Athens, Georgia, 30602
Education
Ph.D. Candidate in Finance, University of Georgia, 2021 - 2026 (Expected)
M.Sc. in Banking and Finance, Ghent University, 2020
M.Sc. in Financial Management, Vlerick Business School, 2019
MEcon, University of Hong Kong, 2014
B.Sc. in Physics, Sichuan University, 2013
Research Interests: Asset Pricing, Investment, Derivatives, Dividend Futures, State-Space Models, Equity Risk Premia
Working Papers
Equity Yields, Investor Expectations, and the Prediction of Dividend Growth (Job Market Paper)

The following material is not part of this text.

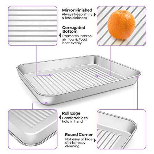 Details: P&P CHEF Stainless Steel 9 Inch Toaster Oven Pan with Cooling Rack Pack of 2, which is made of high quality stainless steel without any harmful materials, is non-toxic for your daily baking use. The mirror finished and corrugated surface make it less sticky to food for easy cleaning. The mesh rack can keep your food from falling down, and it is designed to fit perfectly inside the baking sheet. They created different usages such as single use or combined use. This set could meet your multiple needs, like baking, roasting, and cooling, cooking and serving. Both the pan and rack is dishwasher safe to save your labor and time. WHAT INCLUDED 9 x 7 x 1-inch Tray X 1 Pc 8.75 x 6.25 x 0.75-inch Rack X 1 Pc SPECIFICATION Material: pure stainless steel Color: Natural Metal Silver Craft: Mirror Finish, Roll Edges, Deep Rim, Grid Wire, Corrugated Surface Features: Non toxic, Easy Clean, Heavy duty, Dishwasher safe WHY YOU CHOSE STAINLESS STEEL BAKING PAN 1. Stainless steel baking pan is non teflon coating and non toxic than aluminum 2. Stainless steel baking pan is dishwasher safe but aluminum not, Easy clean even by hand-wash 3. Stainless steel baking pan has natural shining surface and corrugated base, less sticking to food 4. Stainless steel baking pan cooks food more evenly, Deep full sides to hold more food USING INSTRUCTION 1.Please wash the set with soapy water before first using to wash off any residue left. 2.Please use soft dishcloth to clean the set for the beauty of its smooth surface. 3.Please clean and dry the set after using, Stored in dry place for its durability. TIP for STICKLESS You can use a light spray or grease the pan with a little oil or butter to avoid food sticking.
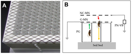 (A) Schematic representation of an electric soil cover designed to eliminate adult houseflies emerging from underground pupae [20]. The cover consists of a negatively charged, non-insulated metal net (NC-MN) linked to a pulse-charging negative voltage booster (PN-VB) and a grounded metal net (G-MN). It is positioned on a plastic grating (PG). (B) Adult houseflies that emerge from underground pupae climb along the cell wall (green arrow) of the grating and encounter an arc discharge (red arrow) from the pulse-charged net when they reach the arcing zone. Subsequently, they are knocked downward (orange arrow) by the strong impact of the arc discharge.

Presentations (Scheduled): FMA Regular Session (2025); FMA Special PhD Paper Presentations and Doctoral Student Consortium (2025); FMA Asia (2025)
I develop a state-space model that infers dividend growth expectations from short-maturity dividend futures. Using the longest available dataset of proprietary OTC dividend swaps and exchange-listed futures, I show that dividend growth is more predictable than previously recognized. Specifically, the model outperforms existing approaches in forecasting dividend growth for the S&P 500 and delivers strong predictive performance for Euro Stoxx 50, Nikkei 225, and FTSE 100, particularly during market downturns. This superior performance reflects the model’s ability to capture time-varying predictive relationships through recursive updating in a state-space framework. The results underscore the value of short-maturity futures in isolating information about near-term cash flow expectations and represent a significant improvement over traditional dividend yield-based forecasts.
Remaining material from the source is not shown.